[MATERIAL FOR THIS EXERCISE Boundary: Start]

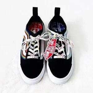 NIB Vans Old Skool Sentry Pride Black & White Platform Shoes Sneakers
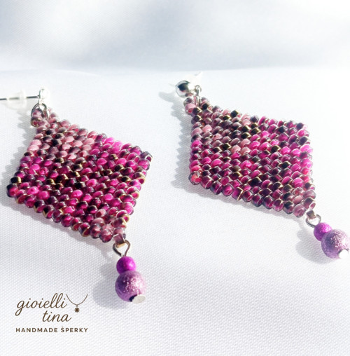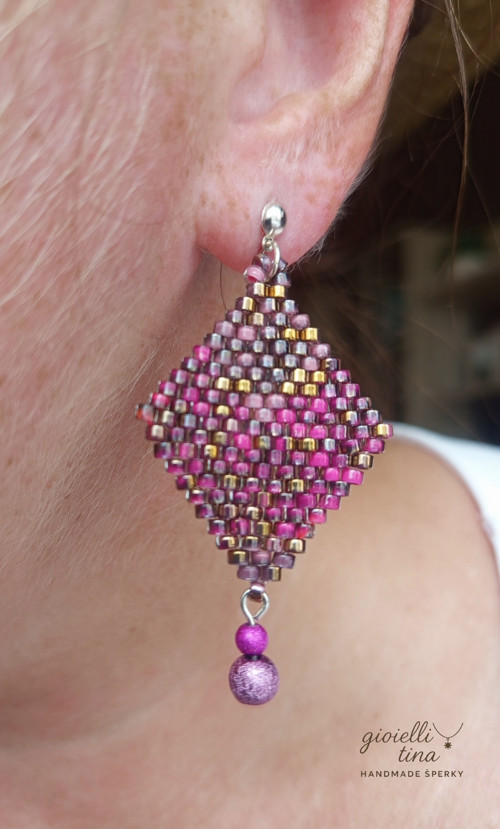 Tyto originální a elegantní náušnice jsou ručně šité z drobných korálků ve tvaru lesklého kosočtverce. Korálky v odstínech purpurové, růžové a hnědé jsou pečlivě uspořádány tak, že vytvářejí zajímavý pixelový efekt. Ve spodní části každé náušnice je zavěšený malý purpurový korálek s jemným třpytem, který dodává celku dynamiku. Náušnice se zapínají na puzetu a jsou ideálním doplňkem pro každodenní nošení i speciální příležitosti.
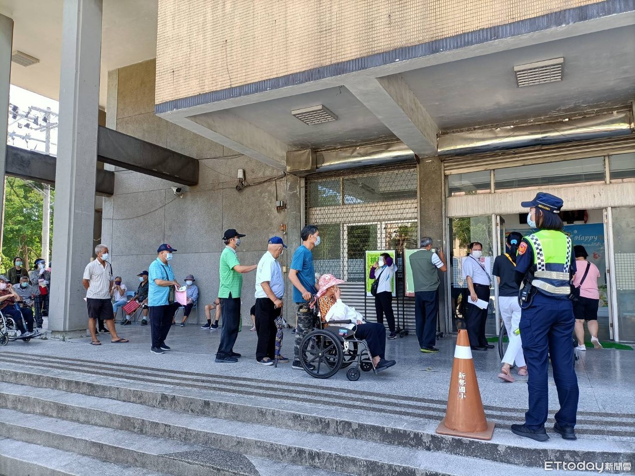 ▲桃園市平鎮市新勢國小首日88歲長者接種,長者在現場外排隊進入接種站。(圖/記者沈繼昌翻攝)
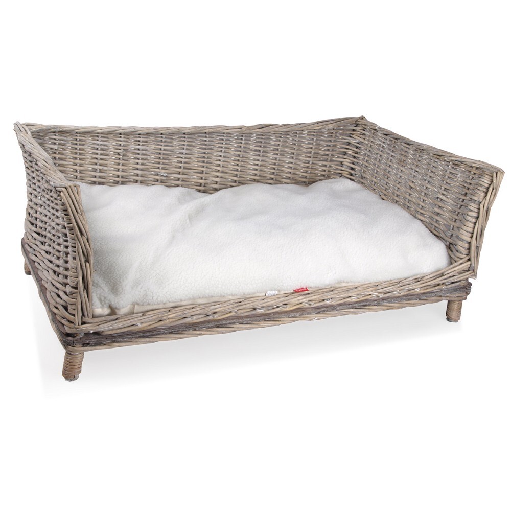 Proutěné kanape pro psy s povrchovou úpravou ve stylu Provence.• nepřehlédnutelný design• prostorné s pevným dnem• oboustanný polštář s bílým umělým beránkemRozměr:90x54x35cm prečítať celé
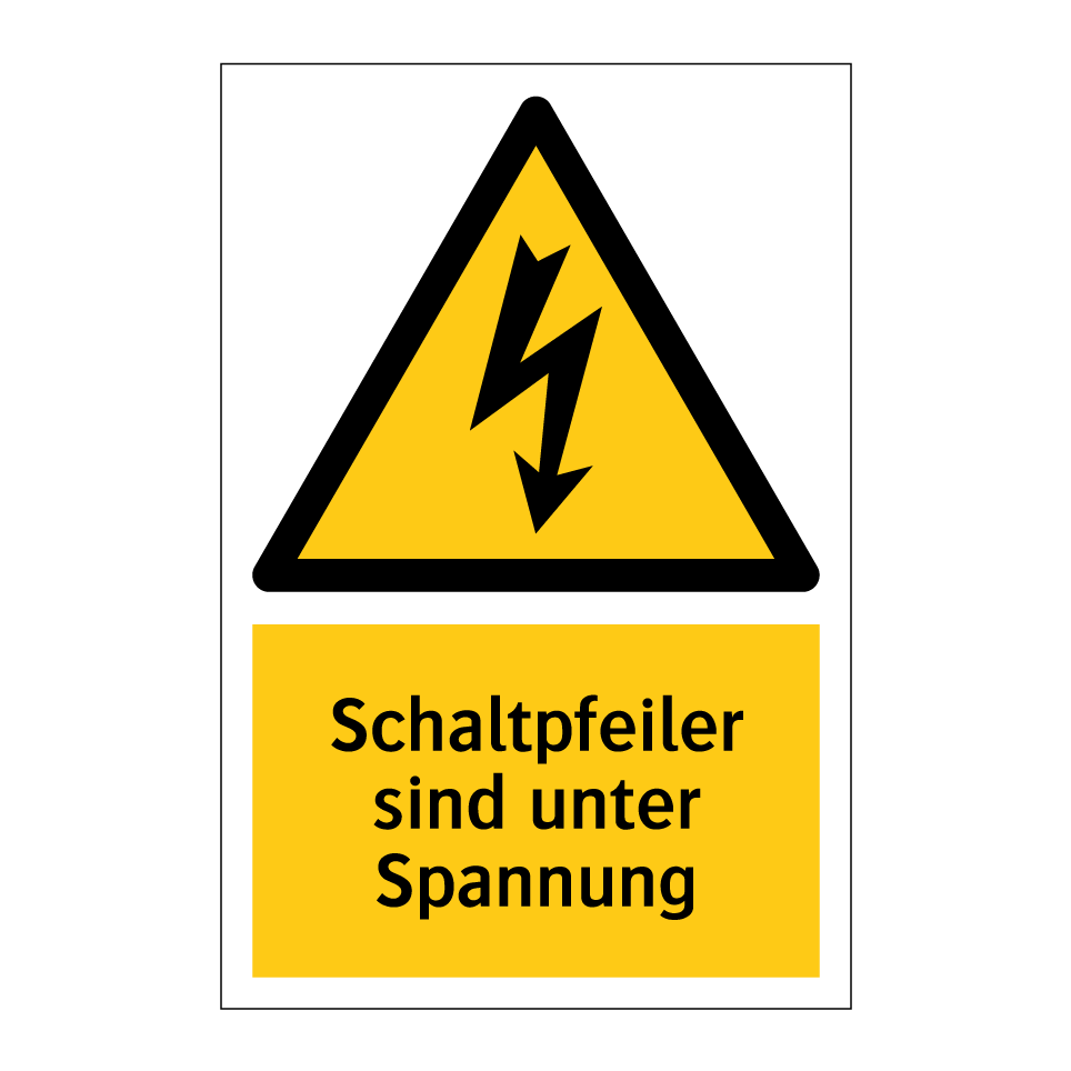 Warnschild mit dem Text Schaltpfeiler sind unter Spannung
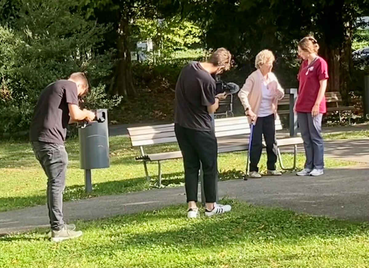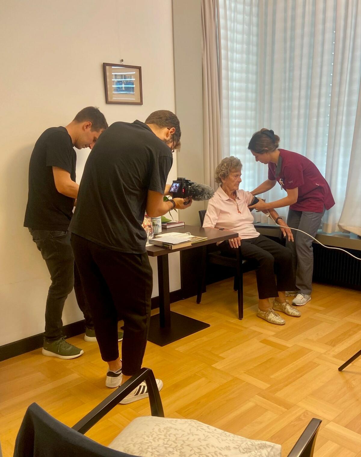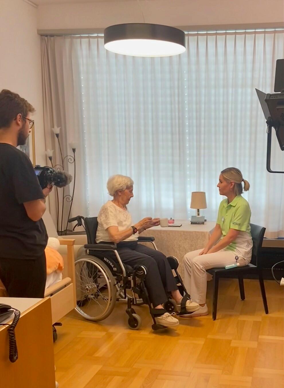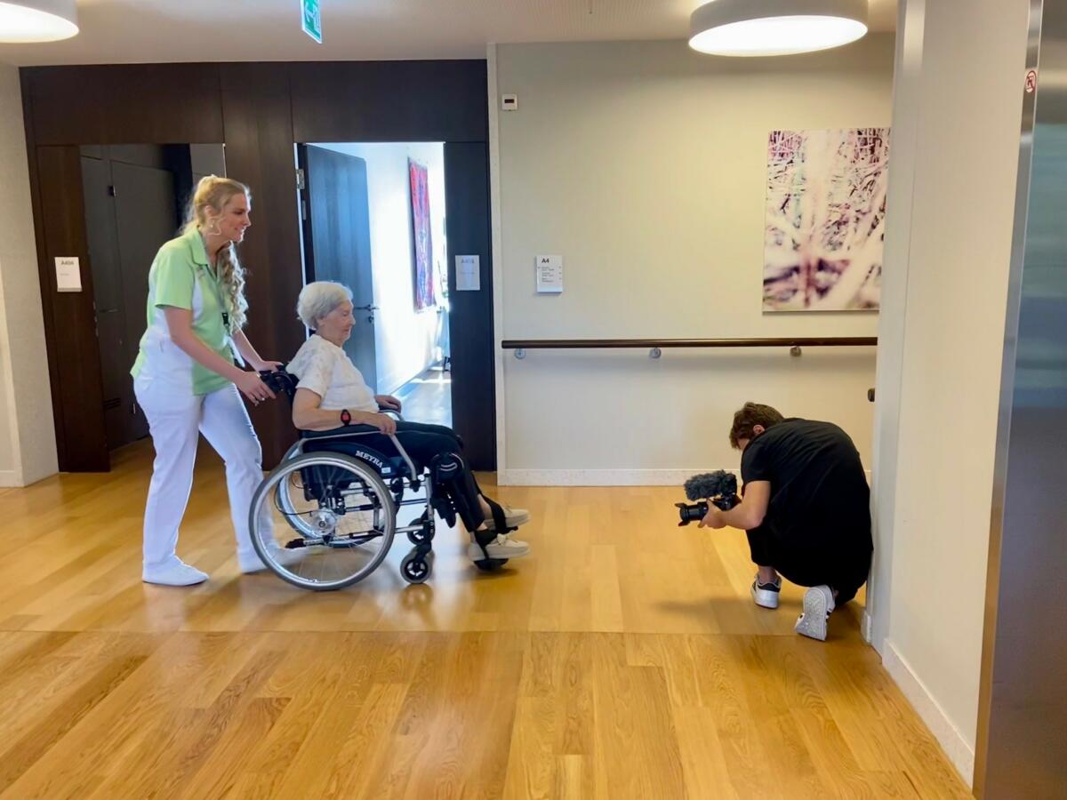 Der Dreh unter dem Motto "Langzeitpflege - meh als mer dänkt." fand am 4. Oktober 2023 im Gesundheitszentrum für das Alter Bombach statt. Neben den Räumlichkeiten konnten wir auch zwei bezaubernde Statistinnen gewinnen. Sechs faszinierende und motivierte Pflegeprofis aus der Langzeitpflege reisten nach Höngg, um der Langzeitpflege ein Gesicht zu geben.
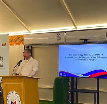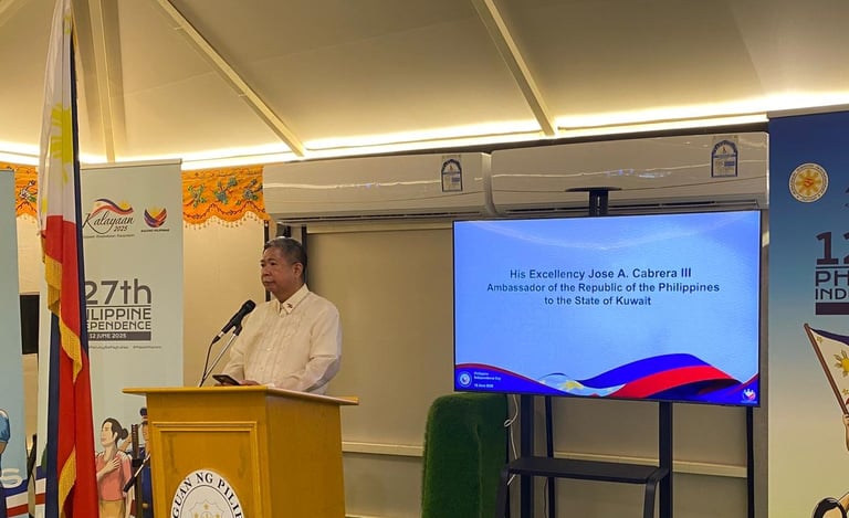ووجّه السفير كابريرا تهانيه الحارة إلى أبناء الجالية الفلبينية في الكويت وحول العالم بهذه المناسبة الوطنية، مؤكدًا على أهمية تضحيات الأجيال السابقة التي أسهمت في تحقيق الاستقلال، وعلى استمرار أبناء الشعب الفلبيني في السعي لبناء مستقبل أفضل يعمه السلام والتنمية المستدامة.
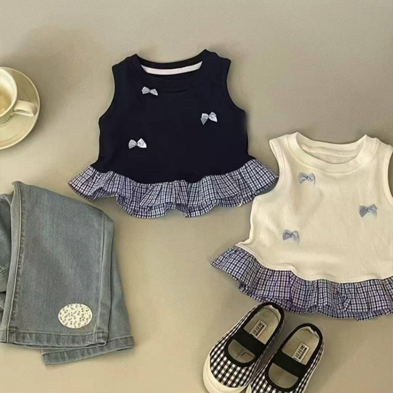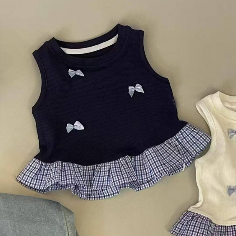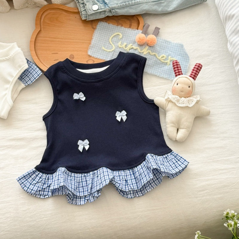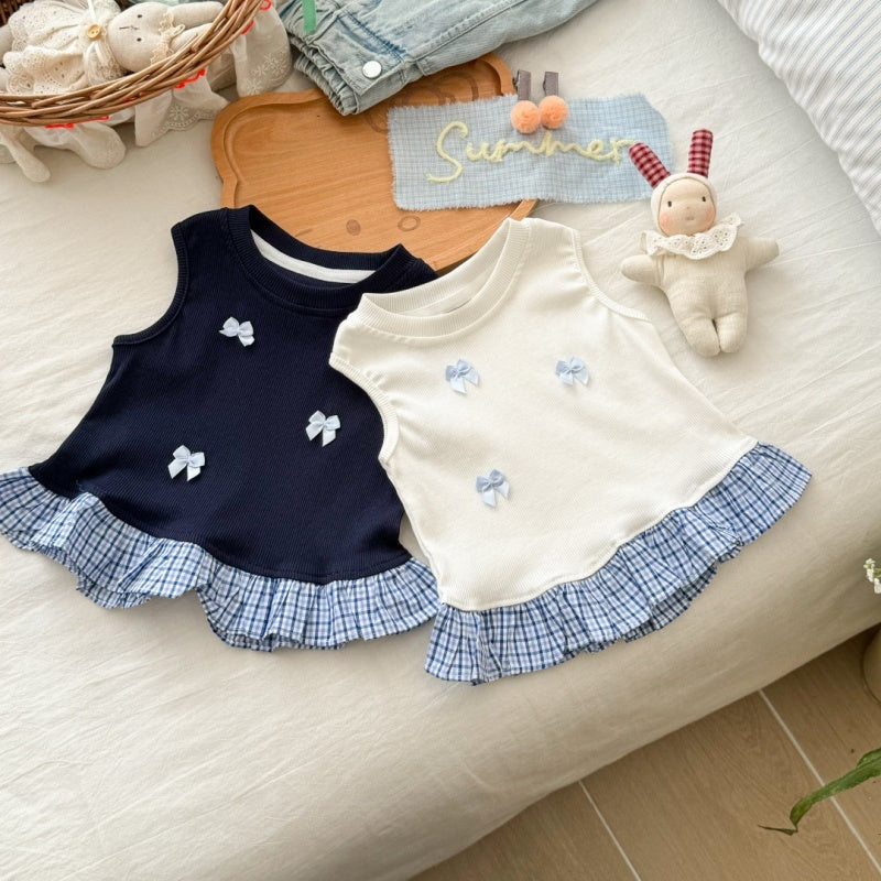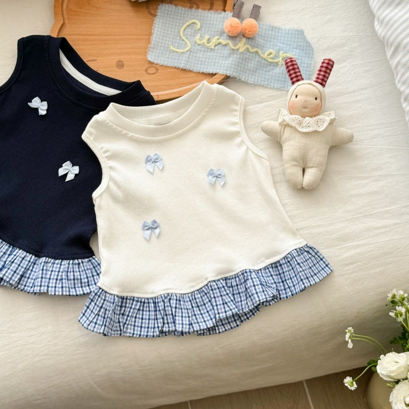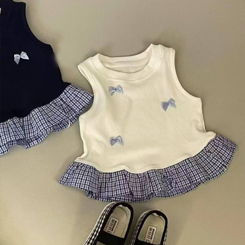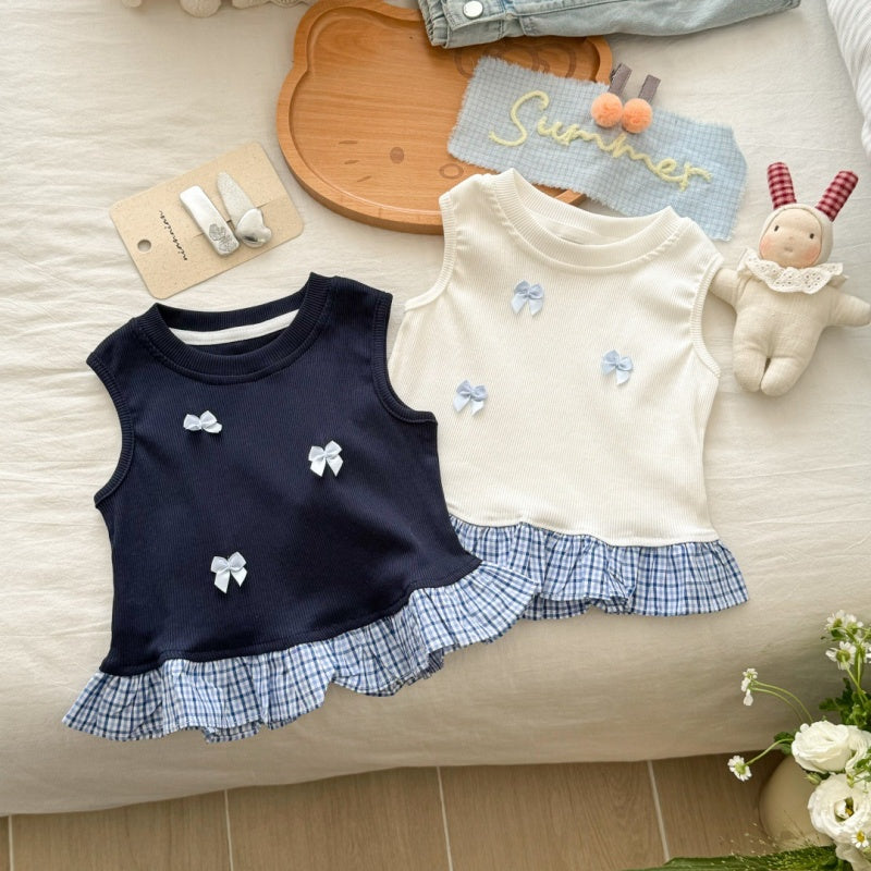 【BABY&KID】夏新作 蝶結び切替チェックフリルトップスTシャツSK092227

[MATERIAL FOR THIS EXERCISE Boundary: End]

◆ WHAT TO DO: Only the lines from the one that contains "ووجّه السفير كابريرا" through the last line of the records may appear in the answer, retyped exactly and with no pictures.

◆ RESPONSE TO THIS EXERCISE:
ووجّه السفير كابريرا تهانيه الحارة إلى أبناء الجالية الفلبينية في الكويت وحول العالم بهذه المناسبة الوطنية، مؤكدًا على أهمية تضحيات الأجيال السابقة التي أسهمت في تحقيق الاستقلال، وعلى استمرار أبناء الشعب الفلبيني في السعي لبناء مستقبل أفضل يعمه السلام والتنمية المستدامة.
 【BABY&KID】夏新作 蝶結び切替チェックフリルトップスTシャツSK092227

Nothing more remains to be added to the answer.